While PMF was investigated to some extent in the 1960's, the concept generally has not been successfully applied for a number of reasons. One problem is that successful placement of a partial monolayer of proppant particulates presents unique challenges in the relative densities of the particulates versus the fracturing or carrier fluid: particulates strong enough to hold a fracture open tend to be formed from relatively denser materials, and so may tend to sink to the bottom, which may make transporting those particulates problematic. Alternatively, particulates that can be carried more easily in a fluid may be unable to support the load from the formation once the fracturing pressure is released.
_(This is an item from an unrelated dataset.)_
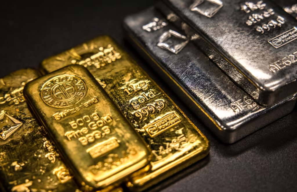 Oro y plata Un lingote de oro de un kilogramo y otro de quinientos gramos junto a lingotes de plata de un kilogramo en las instalaciones del comerciante de oro The Vaults Group, en Barcelona, España, el lunes 28 de abril de 2025. (Angel Garcia)
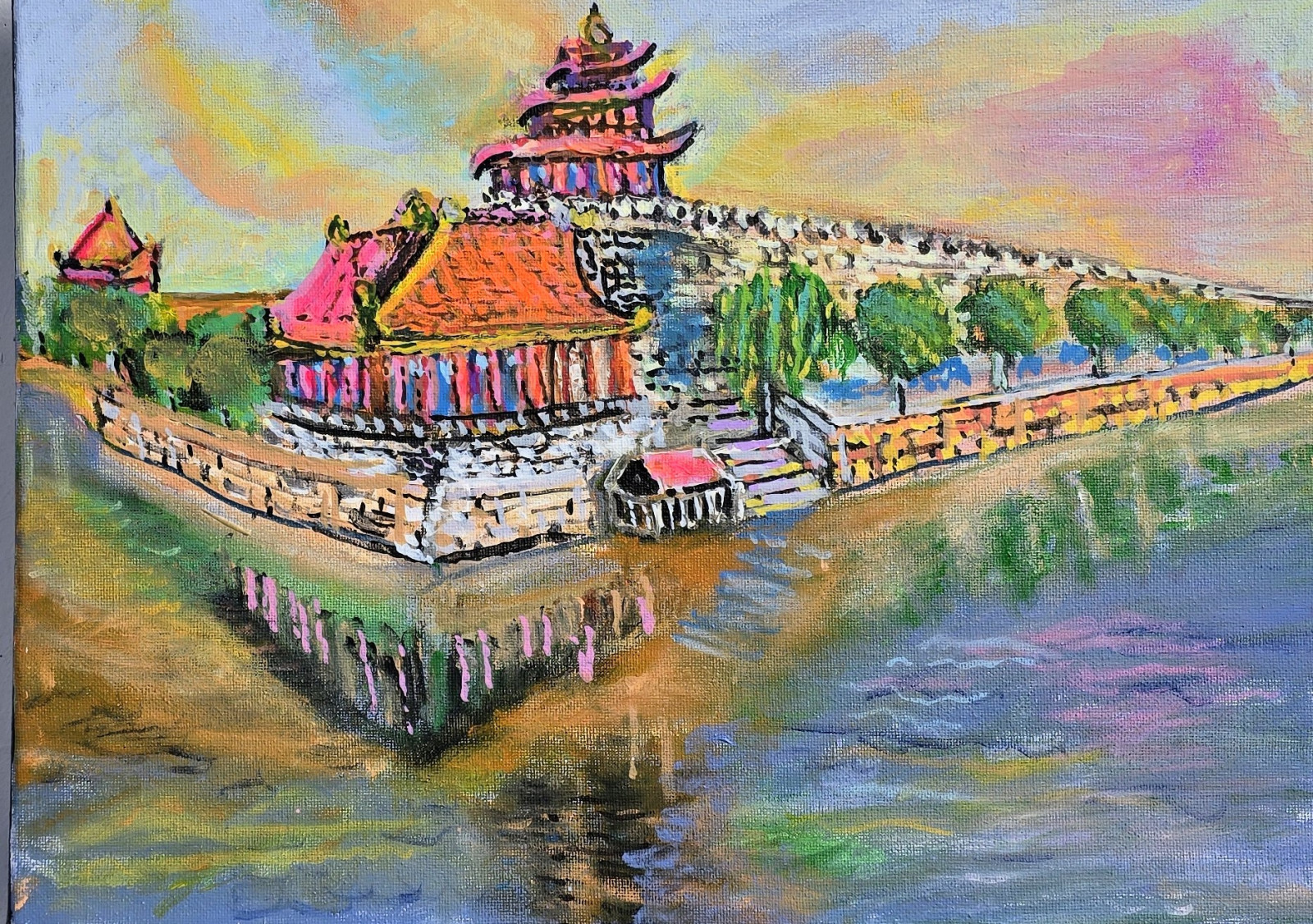Obraz akrylowy ręcznie malowany na płótnie naciągniętym na drewniany blejtram.

PMF techniques have been developed to address this relative density problem. These techniques include methods of increasing the viscosity of the fracturing or carrier fluid and methods of adding weighting agents to the fracturing or carrier fluid.
However, many techniques which address the relative density problem exacerbate another problem commonly found in PMF operations: residue left by fracturing or carrier fluids. Partial monolayer fractures are usually very narrow. The width of such fractures can generally be determined from the dimensions of a single layer of proppant particulates. The permeability of these narrow fractures can be easily compromised by fluids that leave thick, difficult to remove filter cake. FIG. 1 shows a schematic example of a partial monolayer fracture which is compromised by filter cake buildup. A fracture 15 is located in formation 10. Several proppant particulates 20 have been deposited by a fracturing or carrier fluid (not shown) into the fracture 15. The proppant particulates form a single, non-contiguous layer, thus forming a partial monolayer. The fracturing or carrier fluid has left a residue of filter cake 40 coating substantial portions of both the proppant particulates 20 and the exposed surfaces of the formation 10. The open spaces remaining in the fracture 15 form flow channels 30. The permeability of the fracture relates to the fraction of the total cross-sectional area occupied by flow channels 30.
PMF methods that increase the viscosity of the fracturing or carrier fluid or add weighting agents to the fracturing or carrier fluid tend to aggravate the filter cake problem. For example, conventional water based servicing fluids may comprise polysaccharide-based polymers, which may serve as a food source for bacteria. When deposited in the subterranean formation, such polysaccharide-based polymers may produce a bio-mass that may reduce formation permeability. As another example, polymeric gelling agents commonly are added to treatment fluids to provide a desired viscosity. Examples of commonly used polymeric gelling agents include, but are not limited to, biopolymers, polysaccharides such as guar gums and derivatives thereof, cellulose derivatives, synthetic polymers, and the like. When used to make an aqueous-based viscosified treatment fluid, the gelling agent may be combined with an aqueous fluid, and the soluble portions of the gelling agent dissolve in the aqueous fluid. However, the insoluble portions of the gelling agents, such as proteins, cellulose, and fibers, may remain in the aqueous fluid as residue and may enter the pores of both the subterranean formation and the proppant packs. The presence of this residue, among other things, may impair the producing capabilities and/or the permeability of the subterranean formation.